The first fixtures I worked on were the Steampunk fixtures for the entry foyer and the bar area, where my love for industrial design was allowed to flourish. For the 6 bar fixtures I started with stainless steel balls at the top, and then used a collection of vintage aluminum and nickel thermoses that I had collected over the years to build the main stem. I installed sockets on some of the thermoses, as well as on some old movie reels.  To soften the light from below, I sandblasted some reclaimed glass lenses that had been used in light fixtures at an old factory in NY. 

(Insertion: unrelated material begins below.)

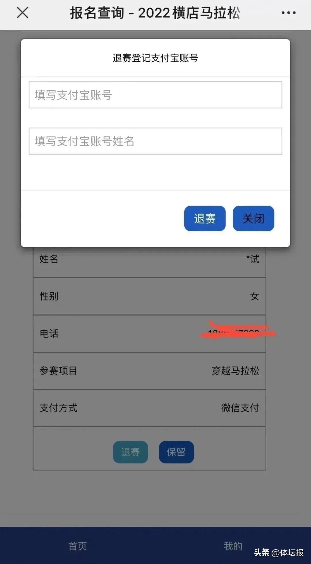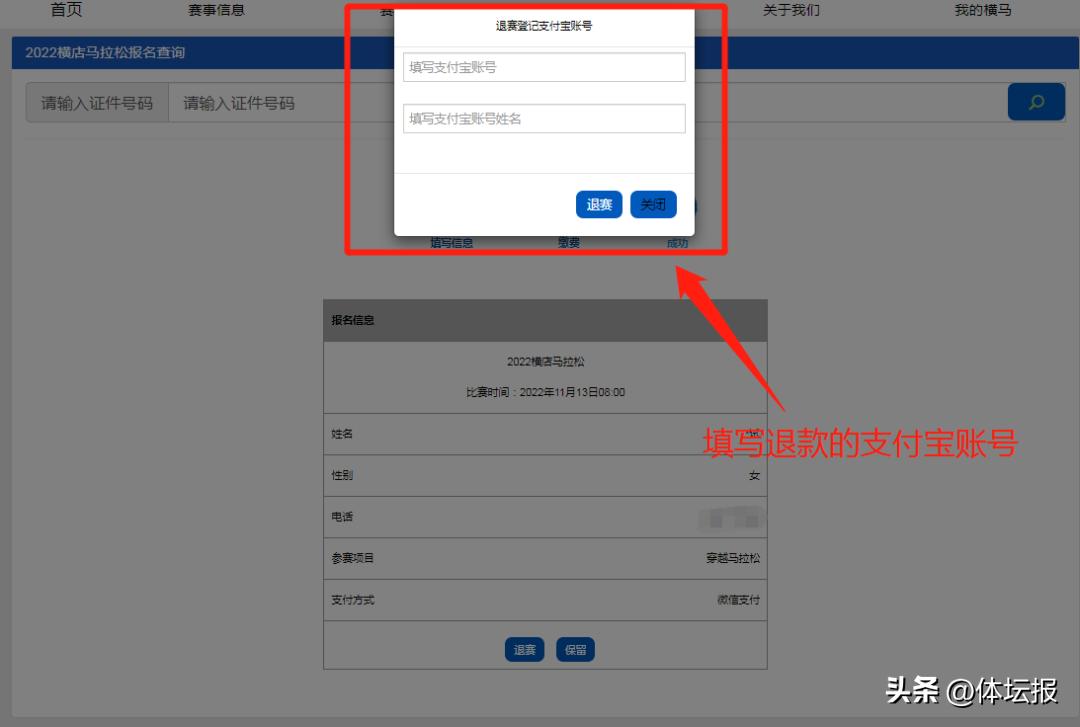 輸入身份證號碼,查詢到自己的具體報名情況,點擊“退賽”按鈕,並在彈窗輸入退款的支付寶賬號,完成退款流程。

Over the bar I attached cylindrical fixtures onto curved brass rods.  The cylinders have amber lucite rods threaded through them that cover the same long tubular filament bulbs used in the hanging fixtures, the idea being "Art Deco meets Steampunk". The booth and wall lighting when complete will have a similar aesthetic and use the amber rods, but will be constructed differently.

 

For the main dining room, Catherine and I wanted to create more of an "installation" than a single fixture and so I designed 41 brass and steel minimalist rod armatures, decorated with some vintage erector set wheels. After working with the exposed filament bulbs in the bar lights, I wanted to carry that theme through to the dining rooms to provide some design continuity, so in this room I used 11 inch tubular bulbs. Scattering the alignment of the rows afforded some optical interest depending on the angle of the viewer.


In the middle room, I used a reclaimed floor candlestick as the body, with 6 brass arms, capped with opposing recycled beer bottles (from some of Michael's other restaurants). The original Rustico restaurant in Alexandria has done some playful things with bottle lights so I wanted to create a piece that paid homage to that.  Michael, Catherine and I also spent some late nights creating the bottle and mirror wall at the front of the restaurant. 



The back room is a private and organic space with wood and cork dominating the design. For this area I wanted a more subtle, almost celestial feel and designed "exoskeleton" orbs out of various topiary frames, connected them with aged chain, and designed a sputnik fixture to float in the middle, again using the exposed filament bulbs which look beautiful when they are dimmed.